It's hard to come up with a more enticing name for a school than "Millionaire University," but in fact institution appears to serve as reminder that, if something seems too good to be true, it probably is. MU, a staple of late-night infomercials, is facing a lawsuit alleging that it scammed its "students" out of hard-earned money in a sleazy real estate scheme.
A group of dissatisfied students across the country have filed a class action lawsuit against the school, alleging that they were tricked into buying property in Florida at grossly inflated prices.
According to the complaint, Millionaire University (MU) "professors" first build trust with their students, then go in for the kill by offering "real estate investment 'opportunities.'" The suit points out that MU students are particularly vulnerable to such schemes, given their desire to invest in real estate but still-undeveloped ability to know a good deal when they see one. Students are also highly motivated to turn a quick buck; MU "real estate courses...generally cost in excess of $20,000."
MU attracts prospective students through infomercials that air across the country. In the advertisements, Russ Whitney, a supposed real estate mogul, tells how he personally made millions of dollars using the techniques taught at MU. (Whitney is the CEO of the Whitney Information Network, which provides the bulk of seminars at MU.) The infomercial then offers testimonials from alumni, who predictably testify to the wealth of information and gobs of money they now possess thanks to MU. Viewers are encouraged to show up for a free one-day seminar -- offered at locations throughout the country -- to see how they, too, can become wildly successful using MU's techniques.
At the seminar, professors follow a prepared script in advising students to increase their credit card limits and enroll in additional MU classes. Students are warned that the one-day seminar only "scratches the surface" of the tools they will need to succeed in real estate, and are encouraged to sign up for "advanced" real-estate seminars, which last three days and regularly run over $10,000. Professors also relate the value of "educational packages," which purportedly provide investment opportunities with a high rate of success; these packages can cost more than $25,000.
Students who opt for the three-day course are taken on a bus tour and shown a new house built by Gulfstream, a southwest Florida homebuilder, in a well-maintained neighborhood. They are then informed that MU has arranged for a "turnkey investment" for a similar home on a "prime lot" that "will pay back every dollar spent by the student for the intensified real estate training at MU and give them capital to jumpstart their real estate investing careers." The investment deal is billed a limited-time offer, encouraging students to jump on the bandwagon as soon as possible.
During the first year, an MU affiliate provides construction loans to finance the lot and construction of the house. The loan is refinanced once the house is fully built. Students are told not to worry, however, as two MU-affiliated realty companies will "use their expertise and 'excellent' reputation to sell the home at a substantial profit" before the student has to pay off the loan.
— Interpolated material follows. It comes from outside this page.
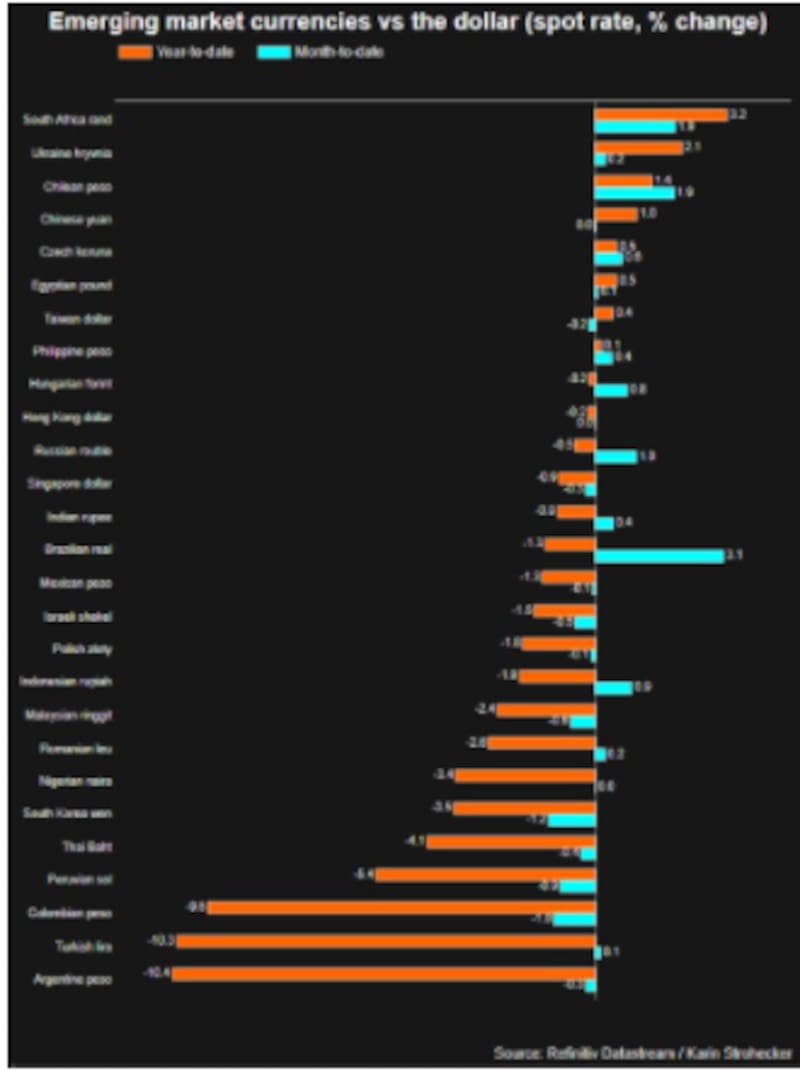 Entre ellas se encuentran el rand sudafricano, que se apreció un 3,2% en lo que va del año. También la grivna ucraniana (2,1% de apreciación en 2021), el peso chileno (1,4%), y el yuan chino (1%). La corna checa, la libra egipcia y el dólar en Taiwán también muestran una apreciación del 0,5% en promedio en el año.

MU professors further stress that the homes' prices are low enough that students "should consider buying at least two of them" in order to make the maximum profit.
In fact, the homes are not on prime lots -- they are constructed in "high crime, highly vandalized areas," in locations with no streets, sidewalks, or utilities, save for well water and septic tanks. According to the complaint, MU went on to fraudulently overstate the appraised value of subject properties by "thousands or tens of thousands of dollars," giving them an opportunity to make a handsome profit off the students they brainwashed and manipulated into buying the property. Furthermore, MU saturated neighborhoods with similar homes; some areas have "five or more of the same model home...in close proximity to one another," making resale even more difficult. Indeed, the complaint says that, at best, students were able to sell the homes at a "crippling loss."
The complaint, filed in a Florida federal court, charges sixteen counts, including for breach of fiduciary duties, fraud, violation of mortgage brokerage and lending laws, and violation of the state Unfair and Deceptive Trade Practices Act. In addition to MU, the suit names as defendants over a dozen affiliates that allegedly conspired with MU to perpetuate the fraud. Among those defendants are Gulfstream Development, the homebuilder; Whitney Information Network; and Paradise Title Services. In addition to damages, the plaintiffs seek a declaratory judgment that the properties' mortgages are illegal and therefore void.